DSC_DenStream: DenStream Data Stream Clusterer

Description

Class implements the DenStream cluster algorithm for data streams.

Usage

DSC_DenStream(epsilon = 0.1, beta = 0.001, mu = 1, 
    initPoints = 100, minPoints = 10, 
    horizon = 1000, lambda = NULL)

Arguments

epsilon
defines the epsilon-neighborhood in which the density of each micro-cluster is calculated (i.e., the radius).
beta
the outlier threshold, used in conjunction with mu (range: 0 to 1)
mu
the weight a micro-cluster must exceed mu times beta (range: 0 to max(double)).
initPoints
number of points to use for initialization via DBSCAN.
minPoints
minimum number of points to form initial micro-clusters using DBSCAN.
horizon
used to compute lambda.
lambda
override computed lambda (decay).

Value

  • An object of class DSC_DenStream (subclass of DSC, DSC_MOA, DSC_Micro)

Details

Interface to the DenStream implementation in MOA.

References

Cao F, Ester M, Qian W, Zhou A (2006). Density-Based Clustering over an Evolving Data Stream with Noise. In Proceedings of the 2006 SIAM International Conference on Data Mining, pp 326-337. SIAM.

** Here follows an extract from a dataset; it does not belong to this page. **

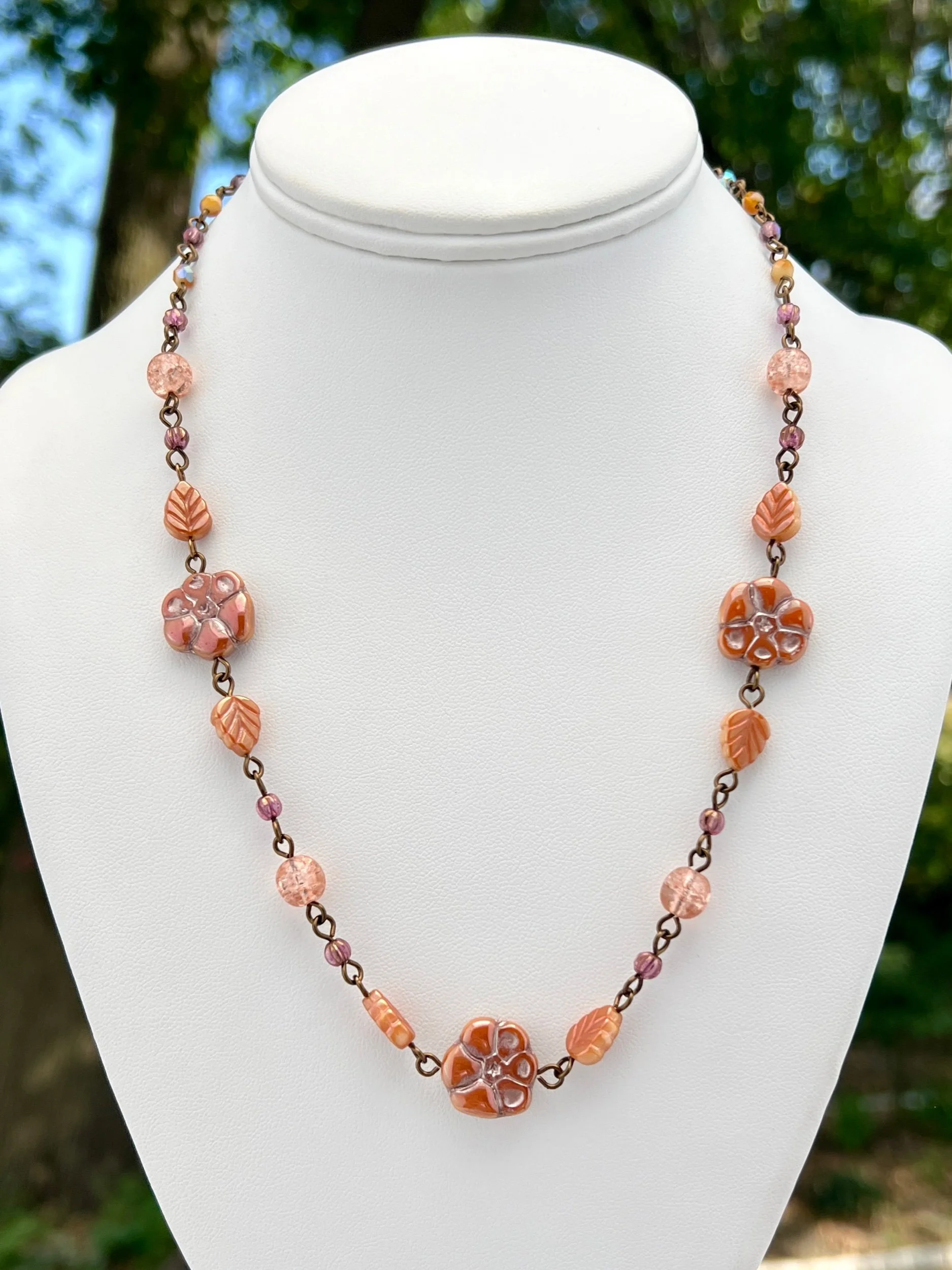 Warm amber and gold Czech glass beads mix with delicate leaf-shaped accents for a nature-inspired design. Hand-pressed in the Czech Republic for lasting beauty.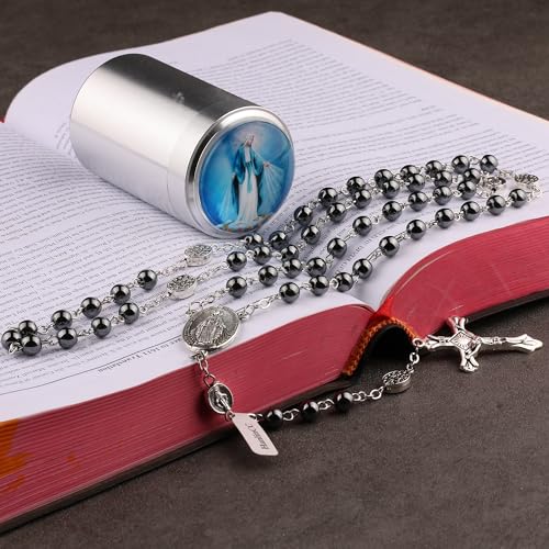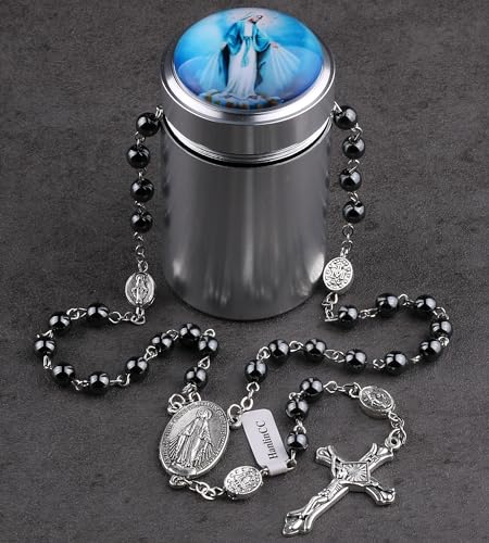 HOT ! HanlinCC 6mm Black Hematite Stone Beads Miraculous, Lourdes, Guadalupe, St.Michael, Scared Heart Jesus Catholic Rosary Necklace with Metal Gift Box for Men and Women

Bifet A, Holmes G, Pfahringer B, Kranen P, Kremer H, Jansen T, Seidl T (2010). MOA: Massive Online Analysis, a Framework for Stream Classification and Clustering. In Journal of Machine Learning Research (JMLR).

See Also

DSC, DSC_Micro, DSC_MOA

Examples

Run this code
# 3 clusters with 5% noise
dsd <- DSD_GaussianStatic(k=3, noise=0.05)

dsc <- DSC_DenStream(epsilon=.05,minPoints=3,initPoints=100)
cluster(dsc, dsd, 500)
dsc

# plot micro-clusters
plot(dsc, dsd)

# reclustering
kmeans <- DSC_Kmeans(k=3)
recluster(kmeans,dsc)
plot(kmeans, dsd)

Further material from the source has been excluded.